As such, there's been a video with Olivia Wilde floating around that's stirred up controversy (what else?). This is a really reasoned take on it that illustrates issues of representation.


lindsey's picture

 While I agree with the sentiment of this article and felt very conflicted about the PSA, I also have some reservations about the interpretation of the PSA by this author. When I first watched this video, I had a very different interpretation than the author of the article.  I thought that the juxtaposition of the voice of a person with Down syndrome and body of a non-disabled person (until the very end of the video) was meant to make the viewer, and society, question who was "capable" and who could lead the life being described.  While I can totally see the interpretation of the video being that disability was being eliminated and that Olivia Wilde was the "object of a disabled woman's aspirations", and if this was what was meant by the ad I definitely find that to be problematic, I also think it is important to recognize that there are various lenses through which the PSA can be viewed.    

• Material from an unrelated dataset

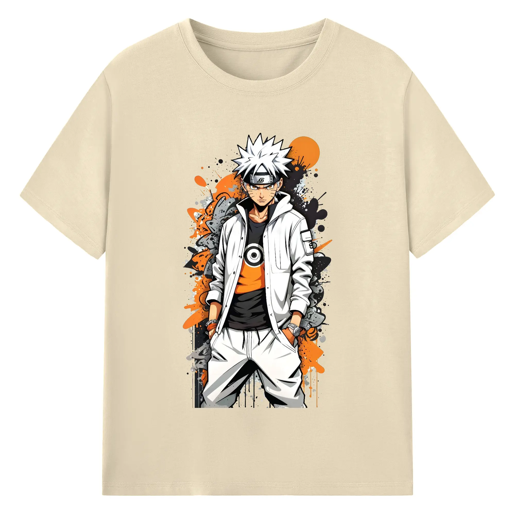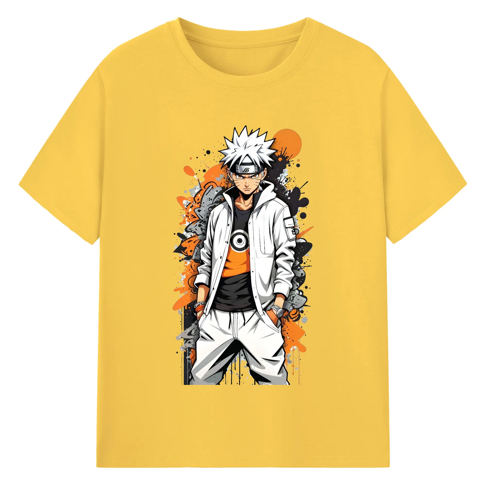ナルト グッズ うずまき ナルト - 綿100% ヴィンテージ風 半袖Tシャツ ・ フロントプリント ・ 柔らか肌触り ・ 通気性 快適 ・ スポーツ カジュアル 外出用

Also, as a side note, my brother Chris once gave a presentation to a class in high school about his experiencing in the acting world and being a disabled actor.  The very first line in his presentation was "When I act I pretend I don't have Down syndrome".  He then went on to discuss how having Down syndrome meant that he didn't get the same opportunities as non-disabled actors for a variety of reasons.  In the context of both the PSA and my knowledge of Chris as an incredibly confident person who embraces his disability, I wonder what Chris meant by saying that he pretends he doesn't have Down syndrome when he's acting- does he truly pretend that he doesn't have an extra 21st chromosome, or is he talking about the stigma and social connotations of DS?  I've always interpreted it as the latter- but reading this article makes me think about how other people, particularly people who don't know Chris as well as I do, may interpret his representation of being a disabled actor and specifically the line "when I act, I pretend I don't have Down syndrome".    

nbarker's picture

Thanks for your thoughtful response, Lindsey! One of the big gaps I see in disability discussions is so little that we hear from actual people with intellectual disabilities--so it's great to hear what your brother might contribute to this conversation. I'm not really sure what I think of the ad myself, as I can see both sides to the argument pretty equally. To me, the ad actually rang pretty true, and was a remarkable way to turn the "normative gaze" on its head. I also understand Emily Ladau's arguments though, and her perspective is at least somewhat colored by the fact that she's used to dealing with visual discrimination every day (she's a wheelchair user) and I'm not. 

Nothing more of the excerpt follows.